= Caudofemoralis =

Tail muscle in many tailed animals

The caudofemoralis (from the Latin cauda, tail and femur, thighbone) is a muscle found in the pelvic limb of mostly all animals possessing a tail. It is thus found in nearly all tetrapods.

== Location ==

The caudofemoralis spans plesiomorphically between femur (thigh) and tail; in mammals it is reduced and found directly posterior/caudal to the gluteus maximus and directly anterior/cranial to the biceps femoris.

== Origin and insertion ==

The caudofemoralis originates from the transverse processes of the second, third and fourth caudal vertebrae.
The caudodistal portion of the muscle in mammals lies deep to the proximocranial portion of the biceps femoris; near the middle of the thigh, the caudofemoralis gives rise to a long, thin, and narrow tendon that passes distally to the knee joint and inserts into the fascia lata that is anchored to the lateral border of the patella.

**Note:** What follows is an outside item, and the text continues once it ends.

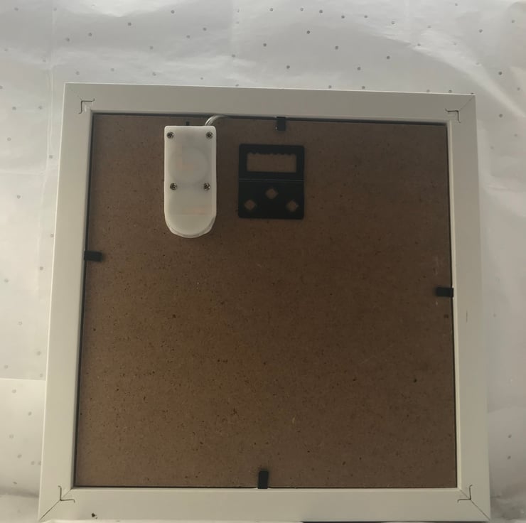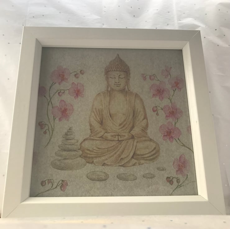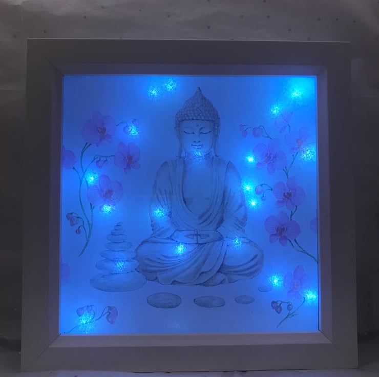A lovely buddha surrounded by orchids image in a shadow box frame with a background of LED lights, which look beautiful in a darkened room.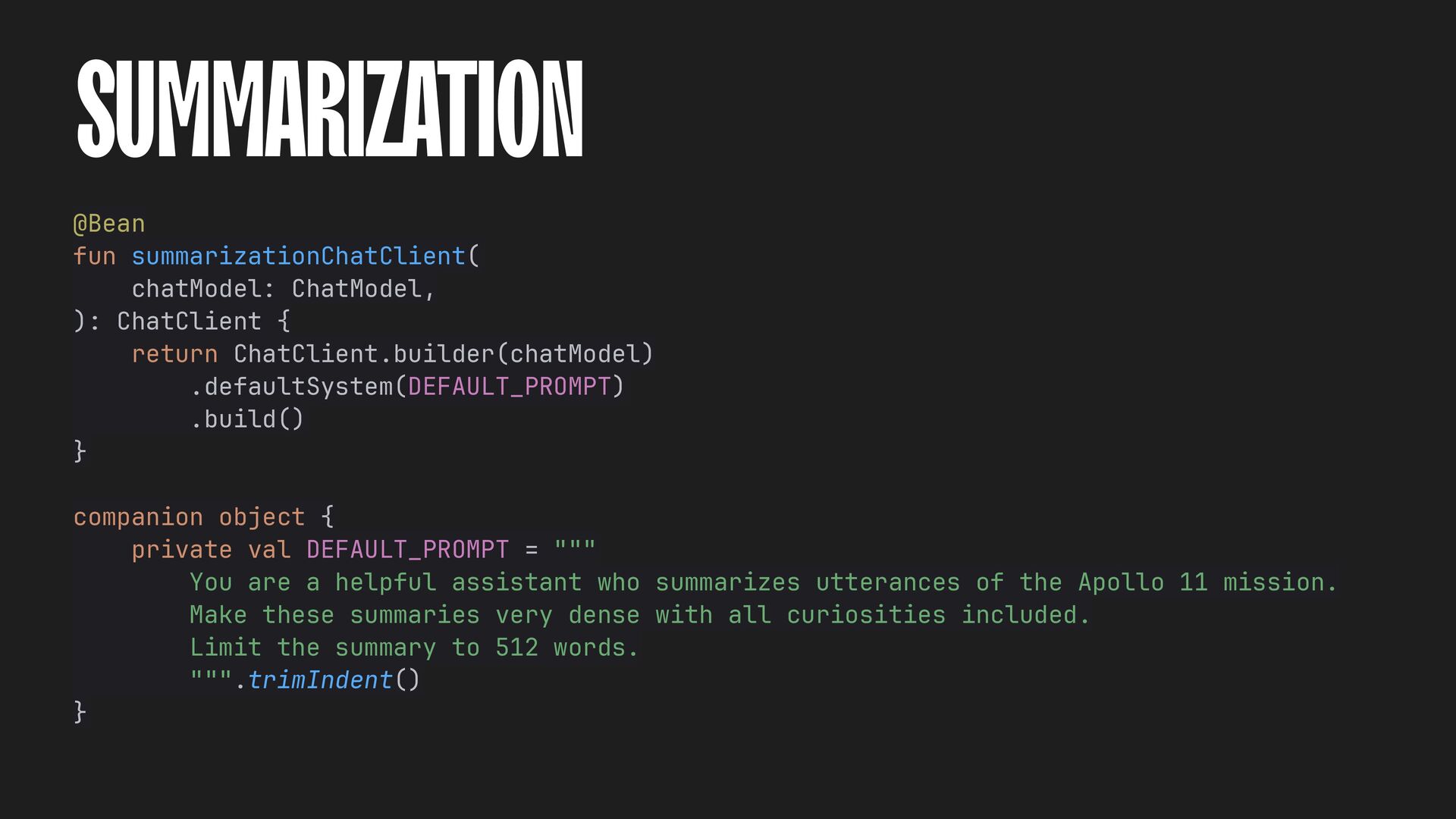 ChatClient.builder(chatModel) .defaultSystem(DEFAULT_PROMPT) .build() } companion object { private val DEFAULT_PROMPT = """ You are a helpful assistant who summarizes utterances of the Apollo 11 mission. Make these summaries very dense with all curiosities included. Limit the summary to 512 words. """.trimIndent() }

Among archosaurians, the caudofemoralis is divided in a pars pelvica/brevis (characterized by a pelvic origin) and a pars caudalis/longa (caudal origin), and the insertion on the femur is marked by the fourth trochanter (but this becomes reduced in maniraptorans and absent in birds).

== Action ==

In mammals the caudofemoralis acts to flex the tail laterally to its corresponding side when the pelvic limb is bearing weight. When the pelvic limb is lifted off the ground, contraction of the caudofemoralis causes the limb to abduct and the shank to extend by extending the hip joint (acetabulofemoral or coxofemoral joint). In other tetrapods contraction of the caudofemoralis retracts the hindlimb.